On 18 August 1945, two B-32 Dominators flew a photo recon mission over Tokyo to monitor Japanese compliance with the ceasefire. The mission was followed by a Japanese attack on three B-32s the previous day, and was intended to determine whether those attacks were isolated actions or an indication of continued Japanese resistance.

The two aircraft, Hobo Queen II, commanded by First Lieutenant James Klein, and a second Dominator commanded by First Lieutenant John R. Anderson, reached Tokyo without opposition and completed their photo runs. Soon afterward, Japanese aircraft took off from Yokosuka Naval Airfield to intercept them.

Klein, flying at about 20,000 feet, faced trouble first, while Anderson was about 10,000 feet below. Anderson's tail gunner, Sergeant John Houston, opened fire on approaching fighters, hitting one at close range and watching it explode. Other gunners also engaged the attackers, with Sergeants Jimmie Smart, Benjamin Clayworth and Burton Keller reporting another fighter destroyed.

A Japanese fighter led by Sadamu Komachi attacked Anderson's B-32 from above and disabled its left inboard engine, wounding Smart with fragments. Staff Sergeant Joseph Lacharite was also struck by cannon fire on both legs.

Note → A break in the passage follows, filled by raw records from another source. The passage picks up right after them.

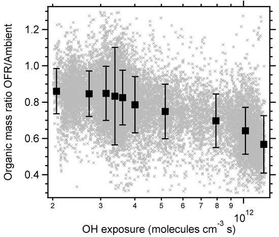 - Slowik, J.G.; Wong, J.P.S.; Abbatt, J.P.D. Real-time, controlled OH-initiated oxidation of biogenic secondary organic aerosol. Atmos. Chem. Phys. 2012, 12, 9775–9790. [Google Scholar] [CrossRef]
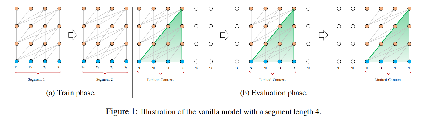 - 现如今的以Transformer为主的语言模型不能很好地处理超过预定义长度的文本。即模型不能捕获任何超过预定义上下文长度的长期依赖
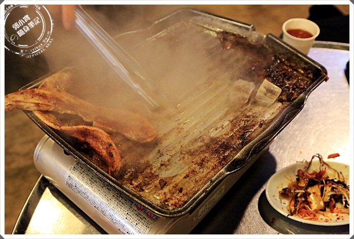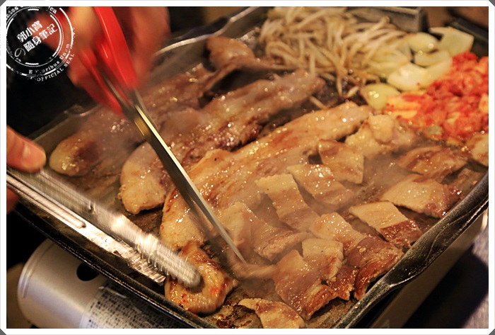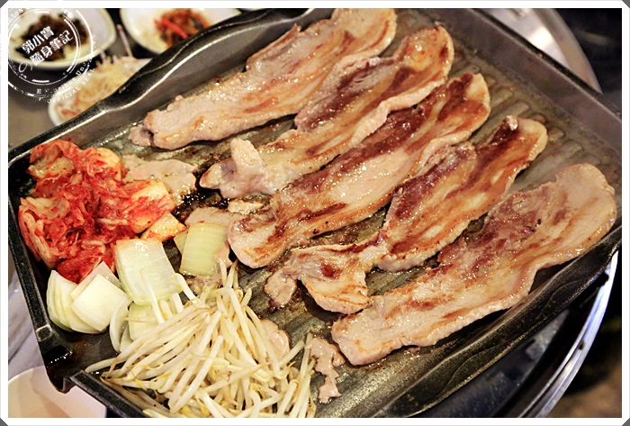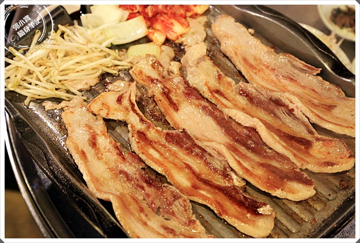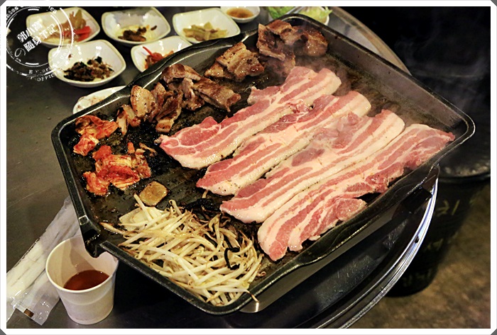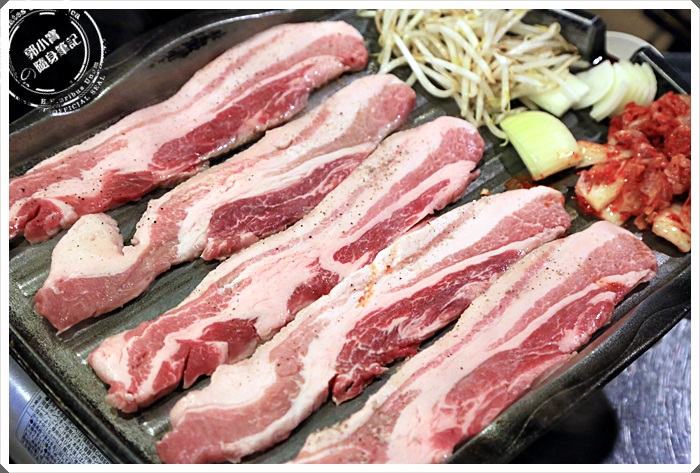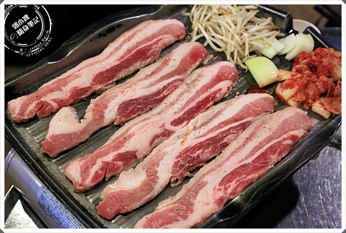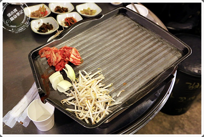 店員俐落的就送來了一個鐵盤,鐵板是斜的,方便等等烤肉的油脂可以從中間的孔洞流出,鐵盤下方放了豆芽、洋蔥、泡菜,這些也是可以無限量供應。

While attempting to help Lacharite, Sergeant Anthony J. Marchione was struck by a 20 mm cannon round, knocking him against the opposite side of the cockpit. Second Lieutenant Kurt Rupke attempted to treat Marchione's wounds, but he died around 30 minutes after being hit during the return flight to Okinawa.

The two B-32s escaped by diving toward the sea, allowing them to increase their speed beyond that of the Japanese fighters. Both aircraft returned to Yontan Airfield shortly after 6 p.m.

The engagement was the last air combat of World War II. Marchione, who was less than a month short of his 20th birthday, was the last American killed in air combat during the war.